▶ [RECORDS FOR THE TASK]:
----

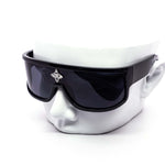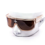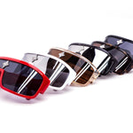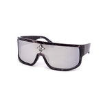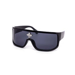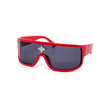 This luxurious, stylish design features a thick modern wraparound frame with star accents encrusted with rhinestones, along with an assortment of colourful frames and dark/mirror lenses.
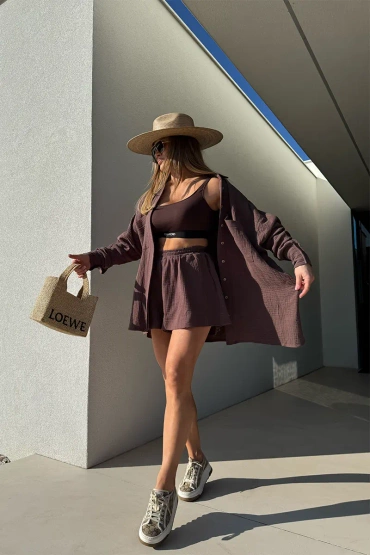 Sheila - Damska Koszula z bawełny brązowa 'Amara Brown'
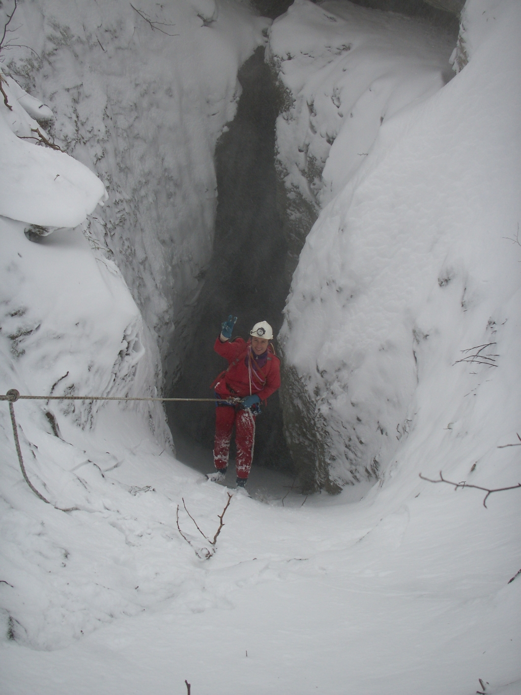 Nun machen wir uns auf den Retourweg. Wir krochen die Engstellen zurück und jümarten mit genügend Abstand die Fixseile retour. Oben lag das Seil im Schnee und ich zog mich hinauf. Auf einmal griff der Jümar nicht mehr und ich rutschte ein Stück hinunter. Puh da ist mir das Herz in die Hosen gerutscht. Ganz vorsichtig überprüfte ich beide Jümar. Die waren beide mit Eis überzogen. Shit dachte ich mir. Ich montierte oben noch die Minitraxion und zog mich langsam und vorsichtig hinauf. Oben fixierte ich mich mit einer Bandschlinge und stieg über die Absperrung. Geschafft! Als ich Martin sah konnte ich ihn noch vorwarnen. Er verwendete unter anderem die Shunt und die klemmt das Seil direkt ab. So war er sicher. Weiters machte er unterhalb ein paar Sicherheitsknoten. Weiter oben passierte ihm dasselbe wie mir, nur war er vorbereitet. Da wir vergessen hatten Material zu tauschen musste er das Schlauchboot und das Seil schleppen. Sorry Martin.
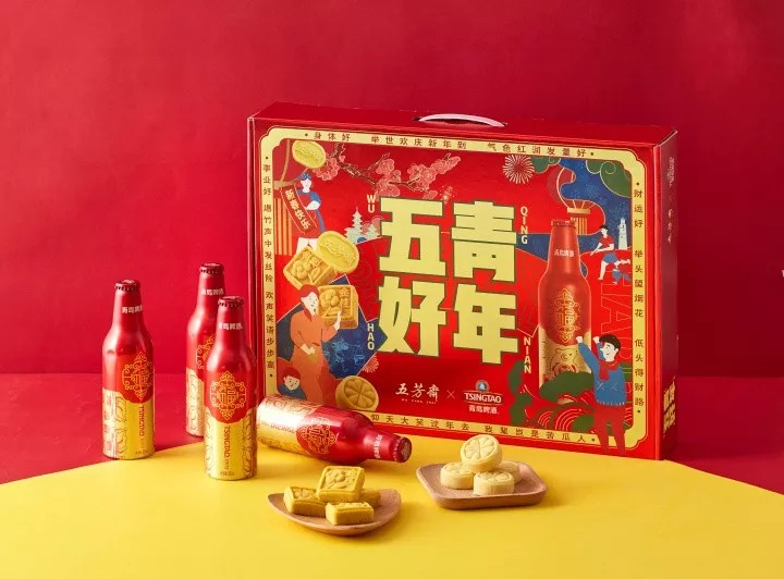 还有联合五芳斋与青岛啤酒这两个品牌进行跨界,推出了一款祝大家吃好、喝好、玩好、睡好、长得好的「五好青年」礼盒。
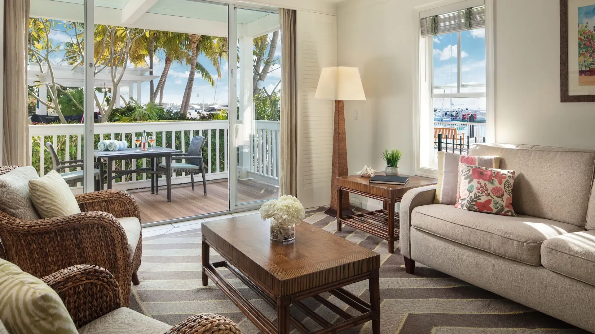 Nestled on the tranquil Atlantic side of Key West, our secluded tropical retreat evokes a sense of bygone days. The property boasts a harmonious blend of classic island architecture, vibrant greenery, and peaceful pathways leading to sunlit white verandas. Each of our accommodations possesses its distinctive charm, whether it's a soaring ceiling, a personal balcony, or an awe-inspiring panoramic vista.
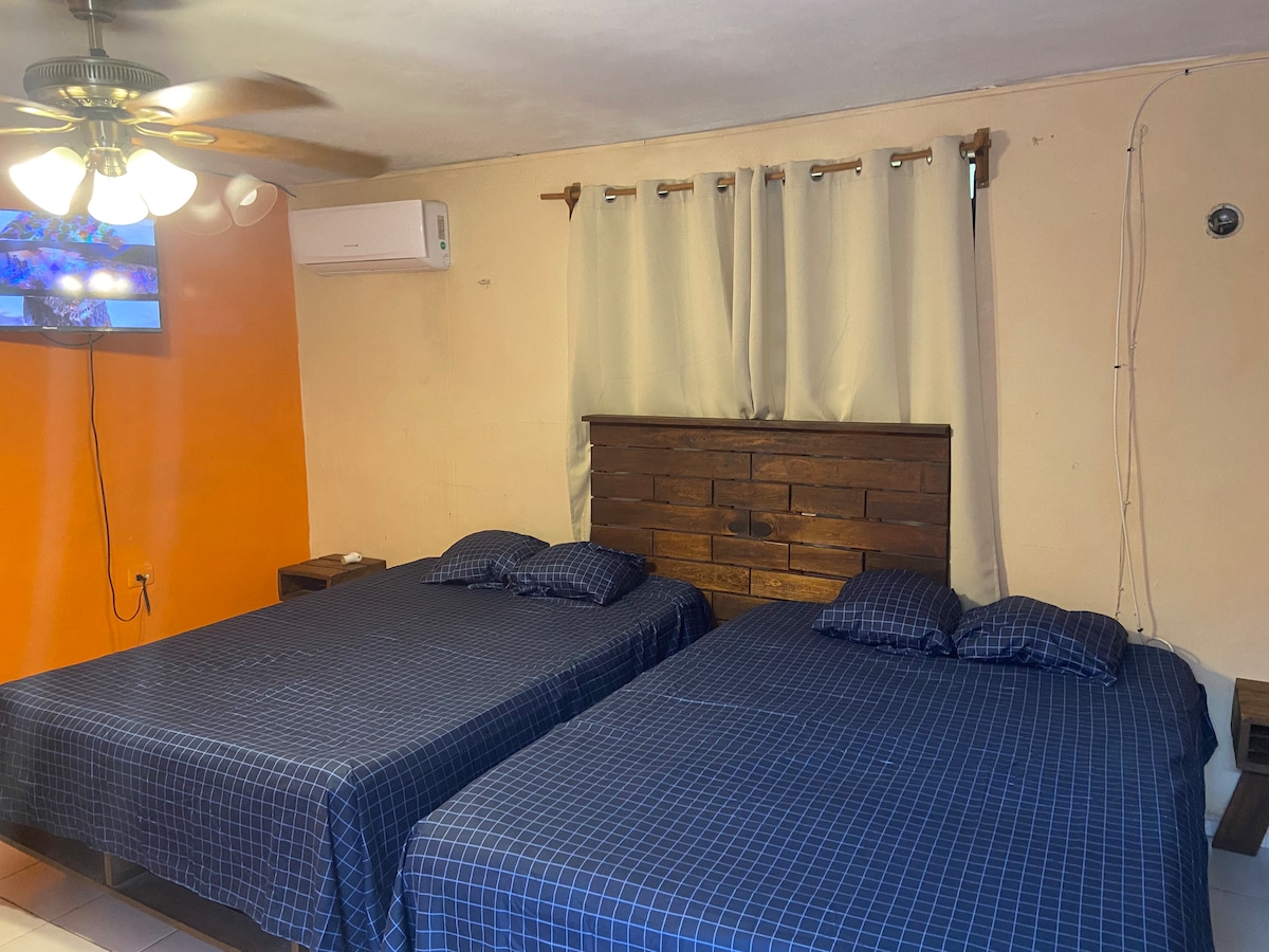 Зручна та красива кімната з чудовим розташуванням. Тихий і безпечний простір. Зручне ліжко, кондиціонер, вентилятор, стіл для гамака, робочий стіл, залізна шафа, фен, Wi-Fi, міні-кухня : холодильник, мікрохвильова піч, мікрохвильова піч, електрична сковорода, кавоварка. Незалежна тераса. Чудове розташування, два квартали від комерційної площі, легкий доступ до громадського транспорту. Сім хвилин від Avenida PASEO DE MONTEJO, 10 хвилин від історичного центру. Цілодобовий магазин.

----

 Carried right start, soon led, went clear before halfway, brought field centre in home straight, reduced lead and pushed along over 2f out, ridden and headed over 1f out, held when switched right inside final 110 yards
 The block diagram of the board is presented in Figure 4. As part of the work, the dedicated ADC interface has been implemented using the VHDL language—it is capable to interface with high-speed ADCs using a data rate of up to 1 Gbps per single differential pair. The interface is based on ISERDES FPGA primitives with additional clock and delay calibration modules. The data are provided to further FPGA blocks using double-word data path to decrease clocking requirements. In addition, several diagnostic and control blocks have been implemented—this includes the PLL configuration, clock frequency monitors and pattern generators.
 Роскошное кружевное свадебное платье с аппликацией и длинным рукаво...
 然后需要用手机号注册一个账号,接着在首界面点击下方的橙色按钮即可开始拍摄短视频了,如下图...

----

▶ [TASK TO CARRY OUT]:
Skip every picture, and restate word for word only the lines above from the line containing "This luxurious, stylish" to the line containing "Sheila - Damska", both of them included.

▶ [EXERCISE ANSWER]:
 This luxurious, stylish design features a thick modern wraparound frame with star accents encrusted with rhinestones, along with an assortment of colourful frames and dark/mirror lenses.
 Sheila - Damska Koszula z bawełny brązowa 'Amara Brown'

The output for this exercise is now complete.